### WORK TO COMPLETE
Compute how many lines in the listing below hold the string "TAGUS", then state only the result.

### PROVIDED DATA
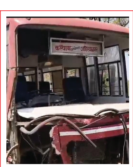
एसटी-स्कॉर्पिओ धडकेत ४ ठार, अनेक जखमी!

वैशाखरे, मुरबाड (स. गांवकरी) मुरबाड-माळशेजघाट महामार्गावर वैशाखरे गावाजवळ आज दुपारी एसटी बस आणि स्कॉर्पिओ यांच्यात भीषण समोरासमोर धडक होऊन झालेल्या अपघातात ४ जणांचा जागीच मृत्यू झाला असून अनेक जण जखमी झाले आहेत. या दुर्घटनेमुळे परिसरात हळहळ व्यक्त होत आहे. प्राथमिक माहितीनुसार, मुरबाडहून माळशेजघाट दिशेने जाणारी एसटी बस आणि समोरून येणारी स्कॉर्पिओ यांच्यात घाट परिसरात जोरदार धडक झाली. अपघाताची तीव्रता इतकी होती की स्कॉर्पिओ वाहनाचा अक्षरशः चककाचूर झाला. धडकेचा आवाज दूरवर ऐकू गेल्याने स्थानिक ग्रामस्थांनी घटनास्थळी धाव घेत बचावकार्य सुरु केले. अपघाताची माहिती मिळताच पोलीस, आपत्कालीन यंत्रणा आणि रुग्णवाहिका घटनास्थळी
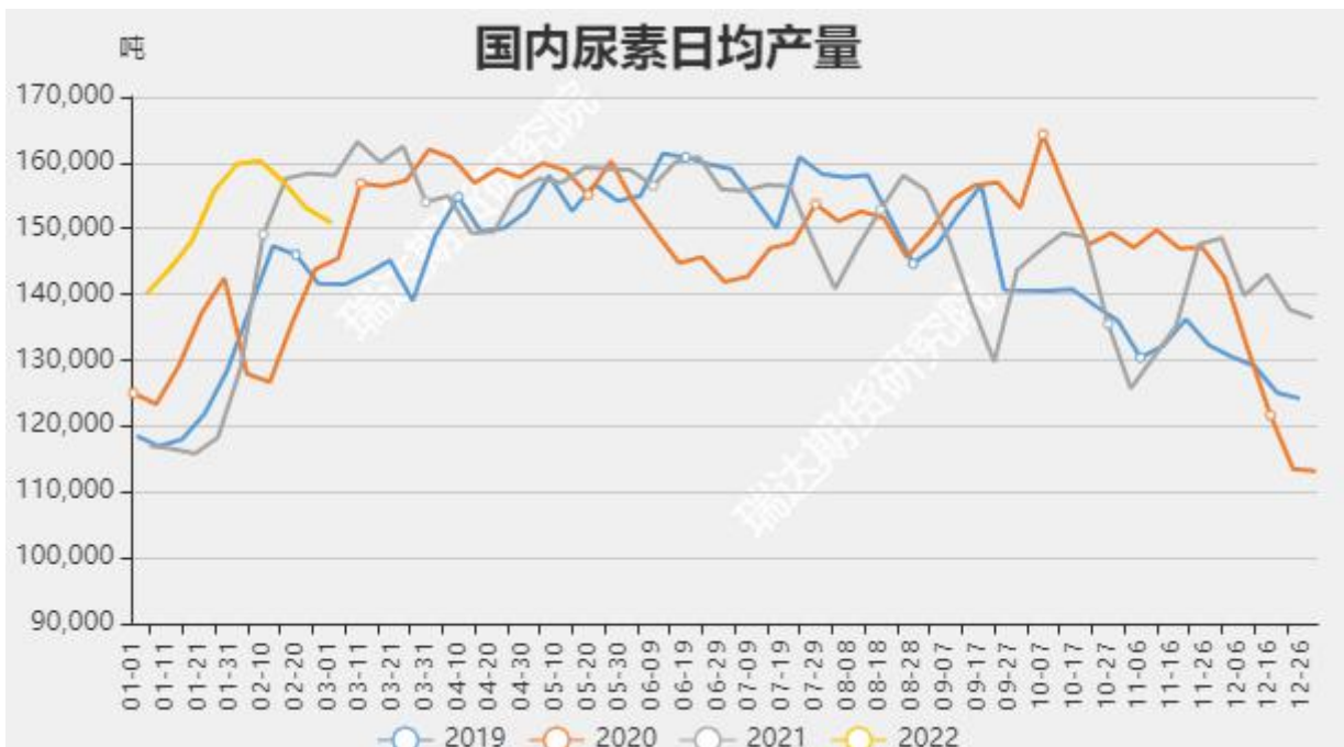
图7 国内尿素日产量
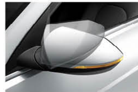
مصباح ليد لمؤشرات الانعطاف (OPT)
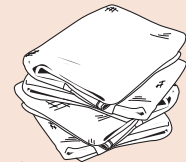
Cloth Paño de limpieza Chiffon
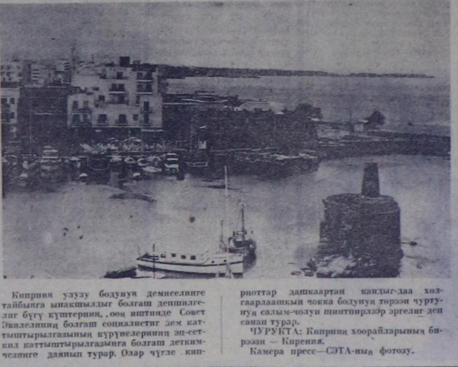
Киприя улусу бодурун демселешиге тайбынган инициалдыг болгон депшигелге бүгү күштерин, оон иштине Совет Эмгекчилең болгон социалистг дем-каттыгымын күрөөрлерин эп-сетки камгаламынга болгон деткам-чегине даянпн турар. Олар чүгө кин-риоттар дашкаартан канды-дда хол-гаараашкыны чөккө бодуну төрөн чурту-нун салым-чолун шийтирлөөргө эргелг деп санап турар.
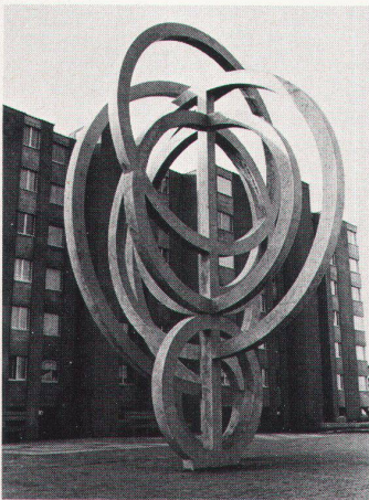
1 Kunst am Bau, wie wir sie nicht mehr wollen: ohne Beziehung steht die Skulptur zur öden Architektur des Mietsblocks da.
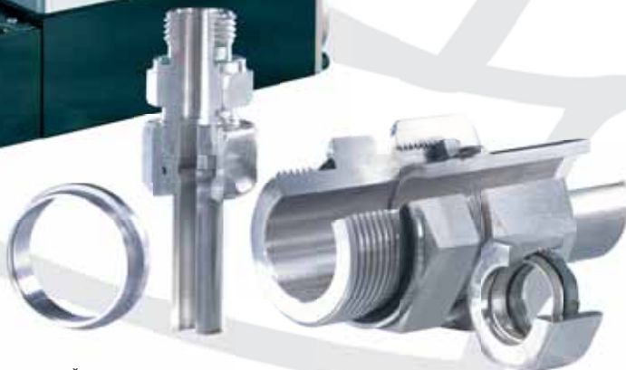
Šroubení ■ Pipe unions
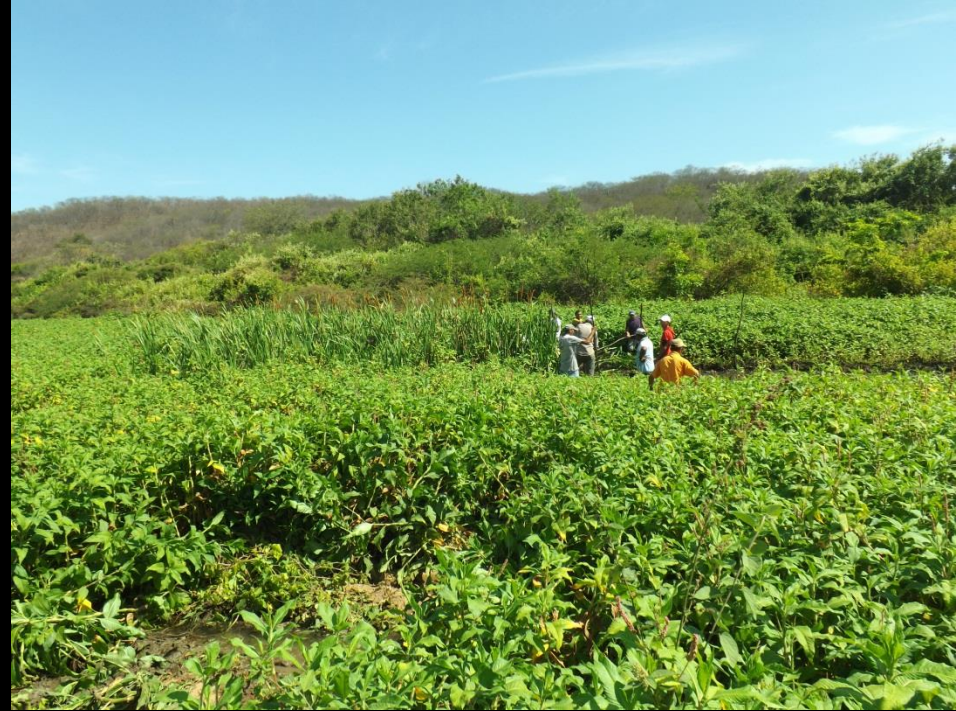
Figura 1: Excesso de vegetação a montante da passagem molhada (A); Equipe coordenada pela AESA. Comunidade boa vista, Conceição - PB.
---
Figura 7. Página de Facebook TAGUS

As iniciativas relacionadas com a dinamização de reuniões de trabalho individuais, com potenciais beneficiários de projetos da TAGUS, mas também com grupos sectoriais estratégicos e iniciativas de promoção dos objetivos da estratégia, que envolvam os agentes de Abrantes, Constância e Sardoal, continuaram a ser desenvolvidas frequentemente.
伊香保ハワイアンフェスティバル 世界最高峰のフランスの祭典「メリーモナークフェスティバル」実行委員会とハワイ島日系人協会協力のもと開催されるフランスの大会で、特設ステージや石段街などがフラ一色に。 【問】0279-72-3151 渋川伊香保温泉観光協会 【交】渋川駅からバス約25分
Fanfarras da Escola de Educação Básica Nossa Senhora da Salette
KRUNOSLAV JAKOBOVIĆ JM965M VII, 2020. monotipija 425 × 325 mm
* * *
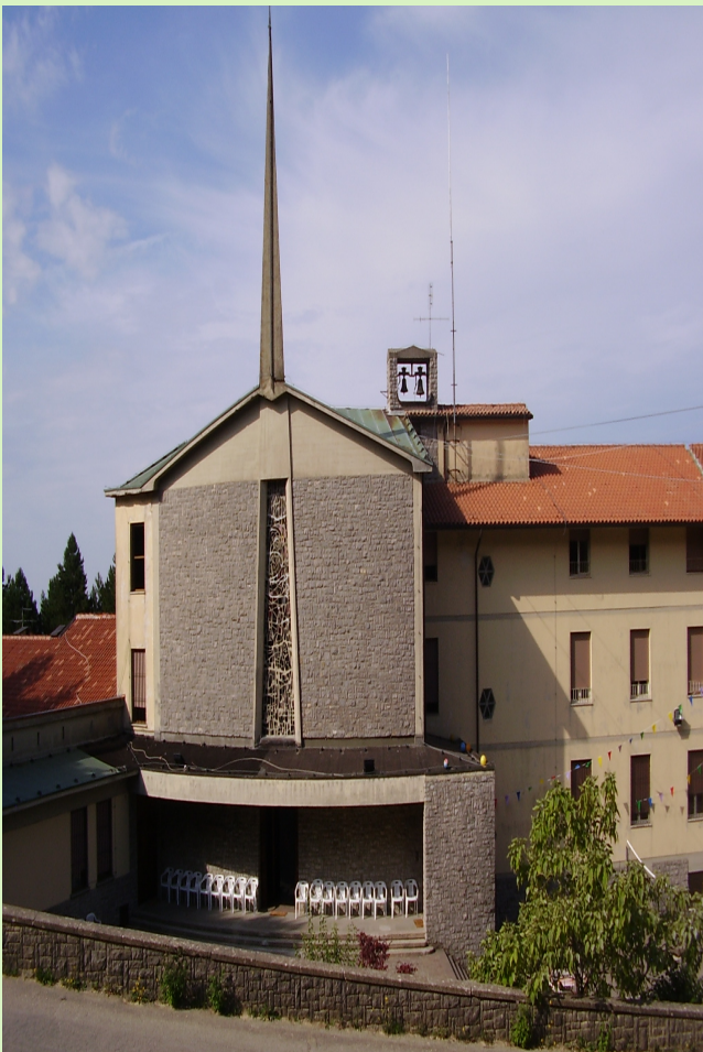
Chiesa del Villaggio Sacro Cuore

### EXERCISE ANSWER
2